Remember all that time we spent in school studying grammar, punctuation and spelling?
Remember trying to recall how to spell words with combinations of “ei” or “ie,” or “eu” or “ue,” and which words use each combination of letters?
Remember trying to lock into your brain when to use “their” or “there,” or “bear” or “bare?” And, what about knowing when it’s correct to use “what” or “which,” as in “what kind” or “which kind?”
With the exception of those working with the printed word, grammar, punctuation and spelling may eventually fade into obscurity, like cars with wind-down windows, wattage-based light bulbs or “sad” irons (those heavy, heavy irons used by our great-grandmas), now more popular as pricey door stops.
That’s because we’ve learned to “text” and email, both of which often entail the extensive use of shortcuts for language and tiny picture emoticons to denote feelings.
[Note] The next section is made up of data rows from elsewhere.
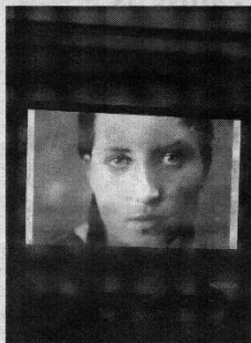
Filmo stop kadras.
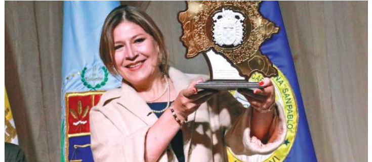
Reconocimientos destacan seis décadas de contribución al país en varios ámbitos.

En la ocasión, el Rector Nacional, Padre José Fuentes, valoró la formación de cientos de personas preparadas por la Universidad Católica que “se cuentan entre los profesionales de excelencia que aportan con su talento a la construcción de Bolivia y el mundo”.
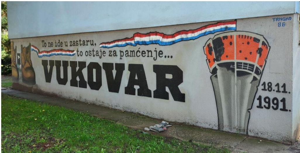
(Slika 4, Trnsko- prikupljeno fotodokumentacijom)

Idućih 37 grafita su dio prikupljenih uzoraka koji najbolje predstavljaju kategoriju iskazivanja nacionalizma/patriotizma kroz grafite.
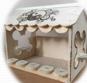
Кормушка для птиц. Читаев Вадим
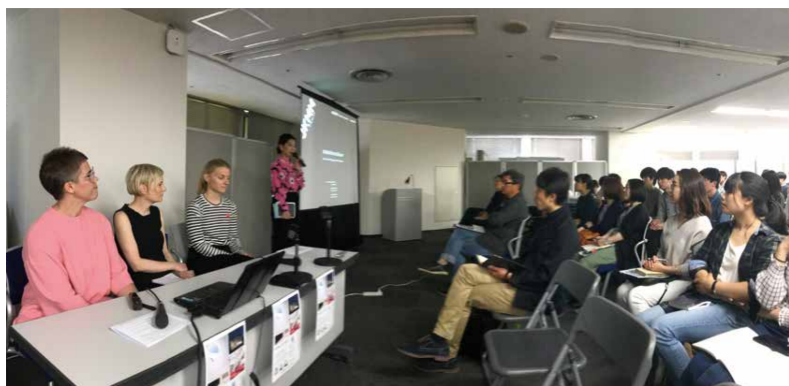
フィンランドの建築家を招いての講演会開催(2019/5)の様子
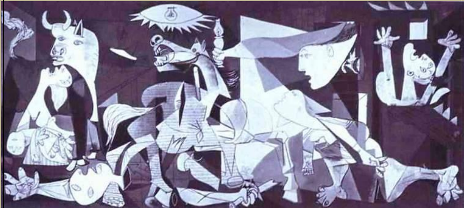
Guernica por Pablo Picasso 1937

El 26 de Abril de 1937 aviones nazis bombardearon Guernica, una pacífica localidad de España, que estaba en plena guerra civil. La misión no tenía objetivos militares y solo era un entrenamiento para la legión Cóndor que tendría un importante papel militar en los planes bélicos de Alemania en la conflagración mundial que se iniciaría en 1939. Eligieron un día donde todos iban al mercado, fue un experimento de aviones, pilotos y bombas. Picasso inmortalizó la masacre.

And, well, just forget you ever learned anything about punctuation.
And that’s why texts are so popular, with their shortcuts and abbreviations, like OMG or LOL. It’s also the very best way to contact anyone under age 30 — and, sometimes, many of us who are considerably past that age.
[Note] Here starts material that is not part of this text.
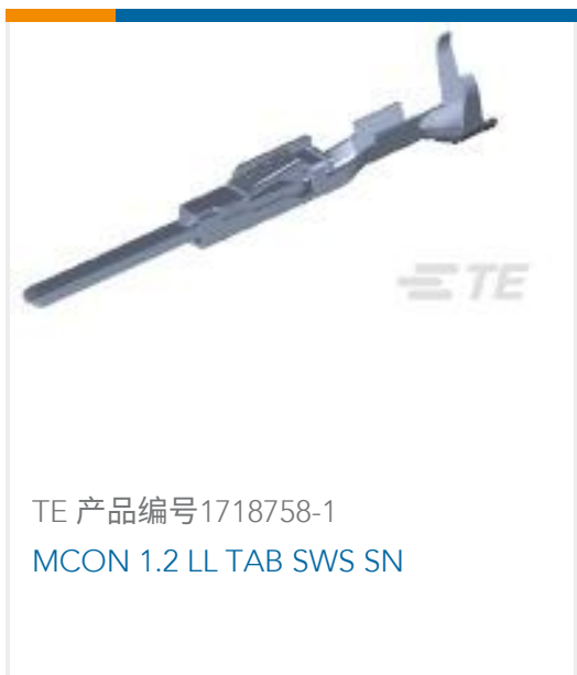
TE 产品编号1718758-1 MCON 1.2 LL TAB SWS SN

Frequently, I’ll send this text out to our grandson, Caleb, somewhere in the fields, equipment shop or on another farm: “Will u b here for lunch.” I don’t use punctuation or capital letters. Shortly afterwords, I get back a “yes” or a “no” (no punctuation, no capital letters).
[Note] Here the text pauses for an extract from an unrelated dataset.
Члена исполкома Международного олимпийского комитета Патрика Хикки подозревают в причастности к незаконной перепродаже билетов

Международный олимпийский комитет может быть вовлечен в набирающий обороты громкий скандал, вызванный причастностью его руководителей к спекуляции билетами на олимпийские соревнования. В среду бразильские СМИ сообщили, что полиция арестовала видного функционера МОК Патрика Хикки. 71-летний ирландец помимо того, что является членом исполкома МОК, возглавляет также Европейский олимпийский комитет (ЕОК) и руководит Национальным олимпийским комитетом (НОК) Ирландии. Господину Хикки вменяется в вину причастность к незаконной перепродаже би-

Okay, so none of that would have gotten us good grades on English tests from perfectionist teachers of grammar, punctuation and spelling. In fact, we’d have gotten papers back ornately decorated with red-pencil critiques, along with at least a big, fat D grade, or worse.
In the interest of time, emailing and texting have won hands-down over postal mail, a key reason for why the U.S. Postal Service is struggling. (Maybe if it would greatly “up” the rates on all that junk advertising mail we continue to get, it might help eliminate the unwanted mailbox clutter and boost its budget numbers.)
But, sometimes, our electronics — phone texting especially — get too smart for our own good. This is never more so than when our digital assistants take it into their own bit-brains to “fix” what we’ve keyed into a text or an email. I’m talking “auto-correct” here, which could more appropriately be relabeled “auto-aggravation.”
They may be considered “smart” phones, but sometimes their corrections are just ridiculous and make zero sense. And, having to re-do messages that auto-correct “fixes” takes way more time than sending the original message one keyed onto the screen. So much for time-saving devices.
Some time ago, and I can’t begin to remember why, I attempted to send off a text including the phrase “shades of pinks.” It was auto-corrected to “shades of punks.” What kind of grammar correction is that?
Even worse was the instance when, while including the name of a business from which we periodically get equipment service and parts, my “smart” phone changed the company’s name to “Boogers.” Boy, was I glad to catch that one before it landed in the recipient’s incoming texts.
Just last week, I texted a dear friend with regard to her son’s serious health situation, adding “prayers continuing.” My smartphone changed it to “prayers containing.” Say what? And in a message she sent back sometime later, her comment of “I’m sure” got smartphone-fixed to “I’m stew.”
With electronics intent on developing their own sort of language to replace ours, it seems best to adapt long-held advice from the carpentry (and maybe sewing) business to our electronic messaging practices.
It would go like this: “Write message. Reread twice (at least). Send once.”Then we can avoid having to stumble through confusing and embarrassing corrections to what you really wanted to say.